= Susan Linnee =

American journalist (1942–2017)

Susan Linnee (April 25, 1942 – November 6, 2017) was an American journalist who served as an Associated Press bureau chief in Madrid and Nairobi. She was the first American woman to head an AP bureau in Europe.

== Early life and education ==
Linnee was born in Sioux City, Iowa and grew up in St. Louis Park, Minnesota. As a student at St. Louis Park High School, she was a staff member and editor of the school newspaper. She participated in an exchange program through the American Field Service, and spent part of her senior year of high school in France.

Linnee attended the University of Minnesota, graduating in 1962 with a degree in political science. She married a diplomat and lived with him in Geneva, Berlin, New York City, Kigali, and Buenos Aires. During this time she worked as a typist, a secretary, a cook at a US Army base in Germany, and a tea plantation inspector. The couple divorced in the early 1970s.

== Career ==
Linnee began a job as a radio stringer with NBC News in Buenos Aires after answering an ad in a newspaper in 1973. She filled in for chief correspondent Tom Streithorst, giving live radio reports while he was undergoing treatment for an illness.

Linnee joined the AP in 1976, working first in Jackson, Mississippi – where she was the only woman reporting for AP in the state – and then in Houston and New Orleans. She worked briefly for the International Herald Tribune in Paris before returning to the AP in 1980 as a correspondent from Abidjan, Ivory Coast. From Ivory Coast she was responsible for coverage of 22 West African countries.

Linnee became AP's Madrid bureau chief in 1982. She was the first American woman to head a bureau for the AP in Europe. During her 14 years as Madrid Bureau chief, she led coverage of the 1992 Summer Olympics in Barcelona and worked as a correspondent in Sarajevo during the Balkans War. In 1996, she became AP bureau chief in Nairobi. At that post, she oversaw coverage of terrorism in Somalia, Rwanda after genocide, and the 1998 embassy bombings in the region.

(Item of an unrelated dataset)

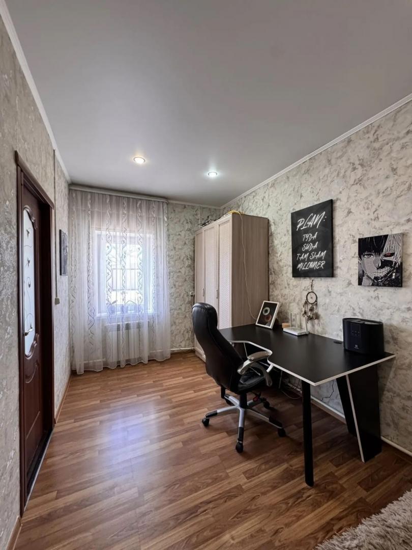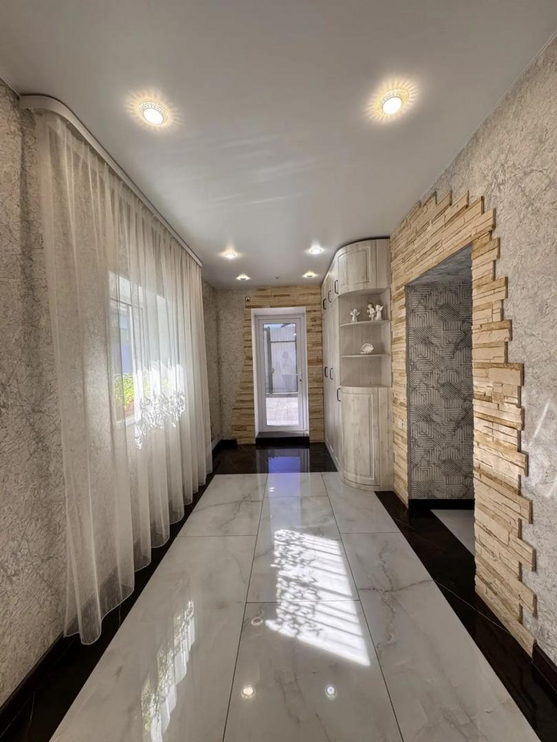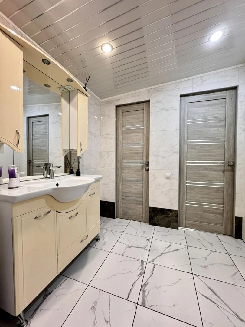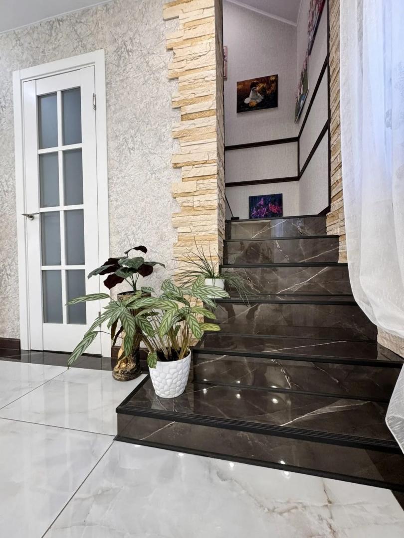 Номер объекта: 537555. Агентство недвижимости «Домофон» представляет вашему вниманию просторный и современный отдельно стоящий дом, который станет идеальным выбором для комфортной семейной жизни. Описание дома: ·         Первый этаж: шлако-литой, включает три комнаты, просторную уютную кухню и удобный санузел. ·         Второй этаж: каркасный, оборудован двумя уютными спальнями, просторным холлом и дополнительным санузлом. ·         Ремонт: выполнен в современном стиле, установлены натяжные потолки, что придаёт дому особый шарм и уют. ·         Полы: на первом этаже — керамогранит, в спальнях — ламинат, что обеспечивает комфорт и тепло. ·         Отопление: продуманная система электроотопления, тёплый пол на кухне, в санузле и бане (кроме парилки), что гарантирует тепло и уют в любое время года. Участок и двор: ·         Двор: выложен плиткой, участок правильной формы, что позволяет наслаждаться пространством. ·         Хозяйственные постройки: отличная баня с выходом в дом, теплица для выращивания свежих овощей и зелени. ·         Парковка: комфортный подъезд, достаточно места для автомобиля. Комфорт и инфраструктура: ·         Центральные коммуникации: вода, газ, электроэнергия. ·         Канализация: септик, что обеспечивает комфорт и удобство. ·         Район: спокойный и зелёный, в шаговой доступности находятся магазины, школы, детские сады и остановки общественного транспорта. Не упустите свой шанс стать обладателем этого замечательного дома! Это отличное место для тех, кто ценит уют, тишину и развитую инфраструктуру.

Linnee retired in 2004 after eight years as Nairobi bureau chief. She continued to live in Nairobi, where she worked with the International Crisis Group as their East Africa specialist. She also served as a consulting editor and mentor for young journalists at Kenya's Daily Nation newspaper. Through her work at Daily Nation, she expanded her mentorship to many East African newsrooms, including Uganda's Daily Monitor.

== Later life ==
Linnee returned to the United States in 2015, moving back to Minneapolis to be near her family. She got involved with the East African immigrant community and continued to write, including book reviews for the Minneapolis Star-Tribune. She died in Edina, Minnesota in 2017 after a brain cancer diagnosis.